Extracted records
++++++++++++++++++++

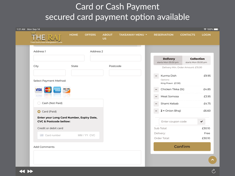 The Raj in New Milton is an Indian Restaurant & Takeaway. Serving Indian food over 35 Years.
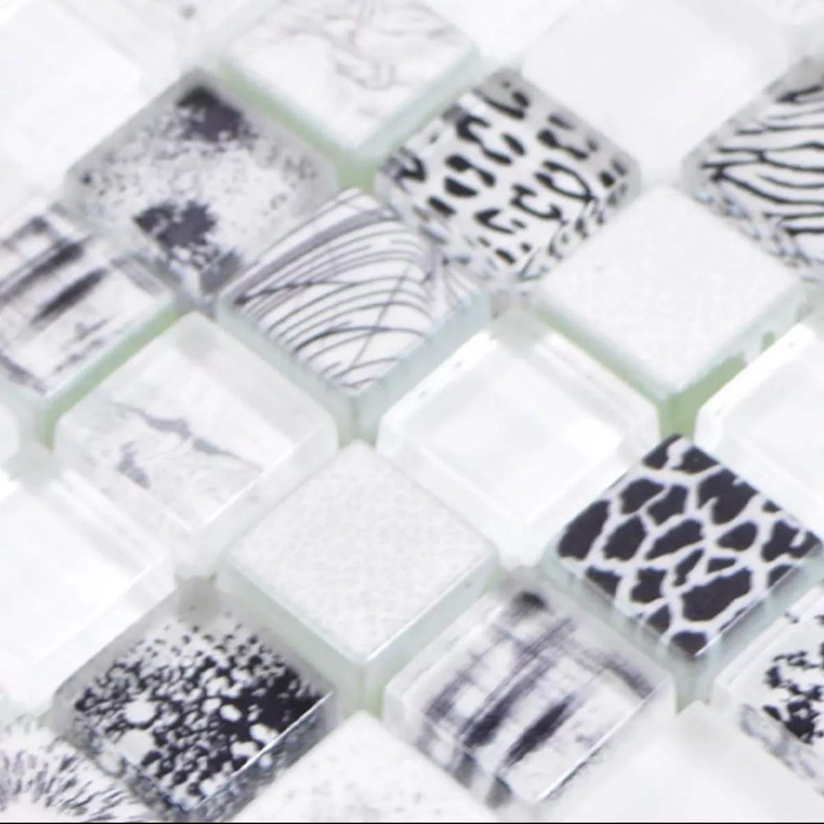 Mønster fra Glass Mosaikk Fliser Cornelia Retro Optikk Super Hvit
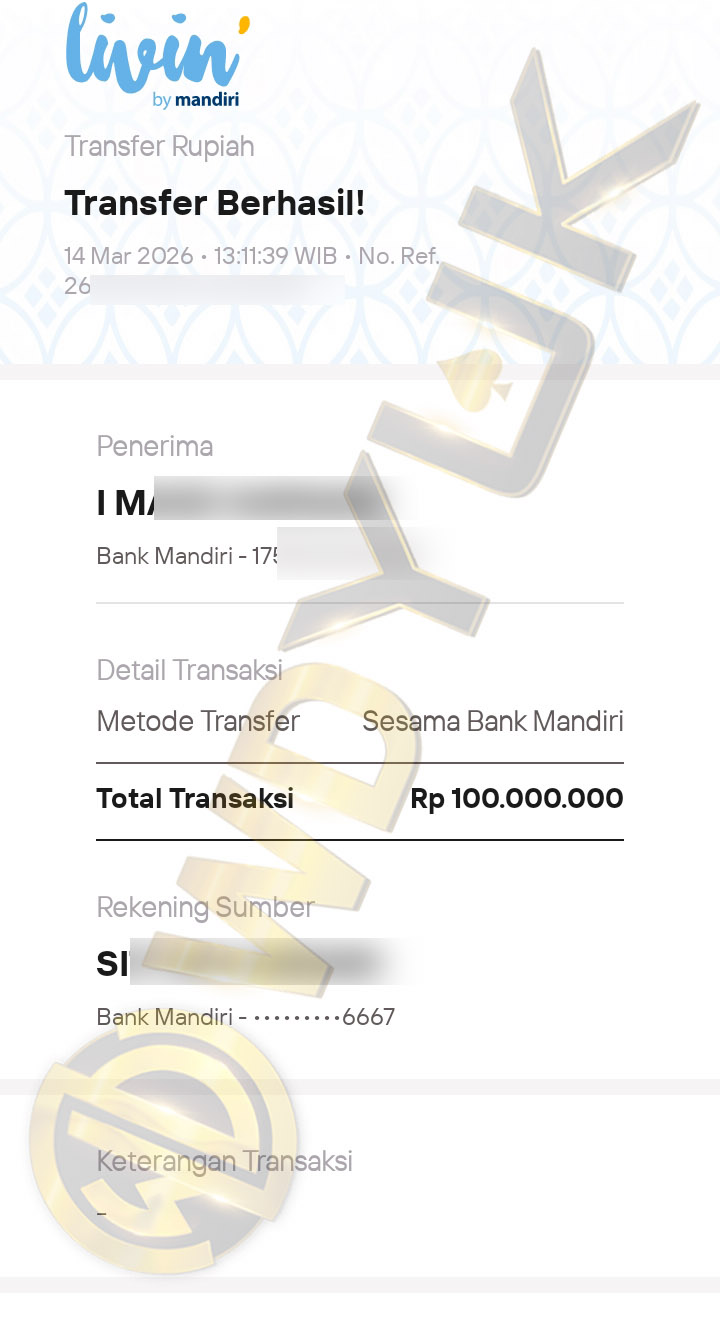 Selamat datang di situs resmi bukti transfer JP WDYUK. Dibawah ini telah selalu kami update setiap hasil bukti transfer dan game kemenangan dari member setia WDYUK. Kami ingin memberikan bukti nyata bahwa kami memang benar-benar bandar togel terpercaya Indonesia.
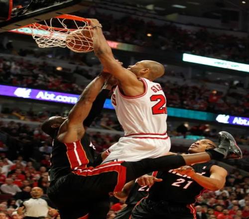 2011年是吉布森相对来说最高光的赛季,他在诺阿和布泽尔都受伤的情况下撑起公牛的内线,并在东决首战上隔着巅峰韦德来了一记势大力沉的暴扣。
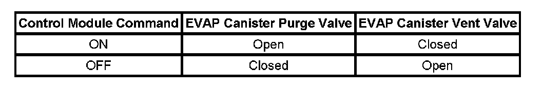 The table illustrates the relationship between the ON and OFF states, and the OPEN or CLOSED states of the EVAP canister purge and vent valves.
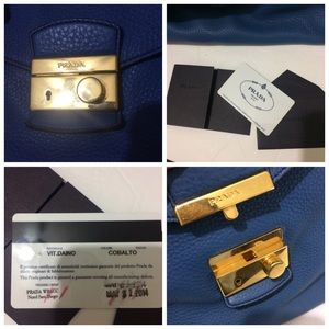 Prada Authentic Satchel Bag Pebbled Leather Blue
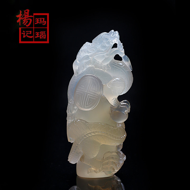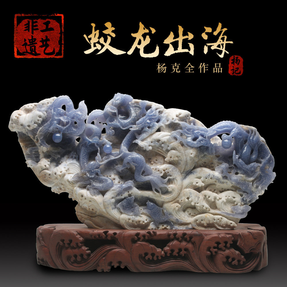 大型天然土耳其蓝玛瑙摆件《蛟龙出海》气势磅礴原石大师雕刻收藏
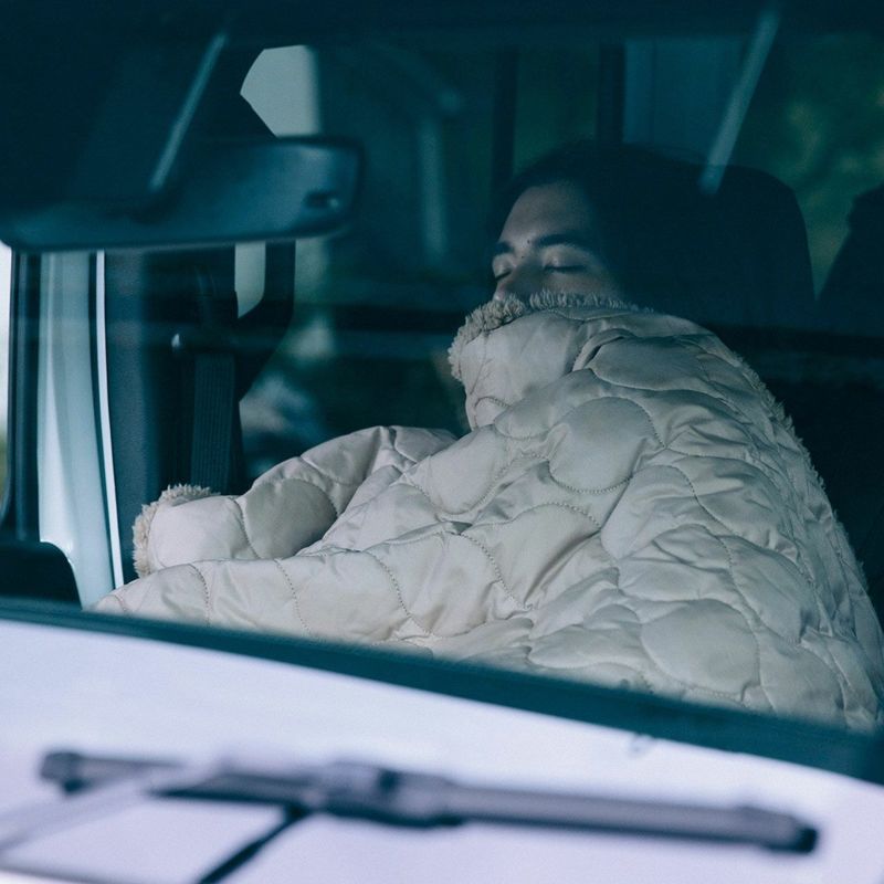 突然の大雪による予期せぬ立ち往生。エンジンを切った車内での体温維持が大きな課題となります。

++++++++++++++++++++

TASK> Return exactly the lines above, from the one with "Mønster fra Glass" up to and including the one with "2011年是吉布森相对来说最", and include no pictures.

SOLUTION TO THIS TASK>
 Mønster fra Glass Mosaikk Fliser Cornelia Retro Optikk Super Hvit
 Selamat datang di situs resmi bukti transfer JP WDYUK. Dibawah ini telah selalu kami update setiap hasil bukti transfer dan game kemenangan dari member setia WDYUK. Kami ingin memberikan bukti nyata bahwa kami memang benar-benar bandar togel terpercaya Indonesia.
 2011年是吉布森相对来说最高光的赛季,他在诺阿和布泽尔都受伤的情况下撑起公牛的内线,并在东决首战上隔着巅峰韦德来了一记势大力沉的暴扣。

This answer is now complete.